Нет, Лима не понимала. Олимпийцы растят своих детей убийцами, целенаправленно делают из них чудовищ, не имеющих человеческого облика. В чем же смысл? Их власть и так доходит до крайних пределов.
– Блок 5 почти опустел. Несколько тысяч илотов было убито. Тела вывозили железнодорожными составами. Такова оказалась цена? одной только попытки.
– Полифем замолчал, затем добавил.
– Об этом не говорили нигде, хотя, конечно, молва сделала свое дело. С той поры крупных выступлений не было.
– И бунтовщики не бросили сопротивление, - сказала Лима.
– Надеюсь, девочка, ты не говоришь ничего подобного за пределами оранжереи.
– Нет.
– Хорошо. Сейчас как никогда, может быть, в истории, опасно быть илотом.
Лима кивнула, вспомнив свою встречу с Агисом. Воспоминание о гоплите потянуло за собой мысли о Клеоне, этом воистину сумасшедшем бродяге, уверенном в собственной неуязвимости.
Послезавтра у него бой.
– И какой смысл?
– Что?
– поднял брови Полифем.
– В этой борьбе? Смысл? Все равно они сильнее, никто не может их победить, никто не изменит железного порядка.
Старик пожал плечами.
– Таков человек, наверное? Даже там, где надежды, казалось бы, нет, он умудряется взращивать ее у себя внутри. Несмотря ни на что. Глупо? Да. Но иллюзия внутренней свободы не дает ему сойти с ума, когда нет свободы настоящей.
– Не сойти с ума? как? вы говорите о Кадии?
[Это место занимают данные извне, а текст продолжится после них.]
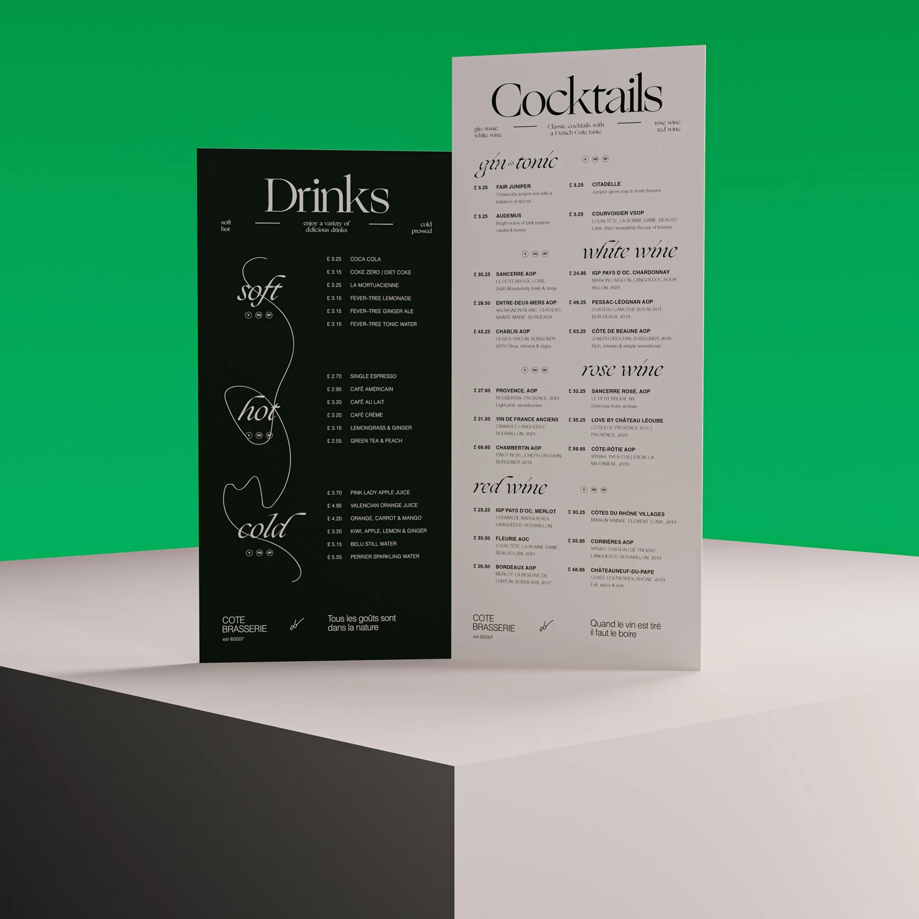Cote Brasserie is an established company in London that I decided to rework their menu identity. This included the full menu and extra items to give a casual look and feel for the cafe.

– Верно. О ней. И других, чей разум превратился в дымящиеся руины. Пока здесь и здесь ты свободен, тебя не сломать?
– Полифем прикоснулся к своей голове и сердцу.
– И олимпийцы знают об этом.
–
– Так они пытаются лишить нас надежды, той самой, что не дает нам опуститься и стать просто животными.
– Полифем стиснул пальцы за спиной, послышался негромкий хруст.
– Прости за пафос.
– За что?
– Неважно.
– Он сдерживал улыбку.
– Иногда мне жаль, что я старик. Я пережил стольких достойных людей, способных принести куда больше пользы, чем я. И каждый раз, слыша об очередном выступлении, во мне теплится глупая надежда.
– Что все получится?
– спросила Лима.
– Да. Ты всегда схватывала налету, девочка. В лучшее время ты могла бы?
– Что?
– Многого достичь. Как и все те дети, которых убили. Мне не протянуть долго. Я не доживу до момента, когда все изменится.
– Не понимаю.
– Любой тирании приходит конец. Даже через тысячу лет.
– Полифем положил свою большую натруженную руку ей на плечо, посмотрел в глаза.
– Хм, прости за пафос.
Одобряюще потрепав ее по щеке, старик зашагал вглубь купола.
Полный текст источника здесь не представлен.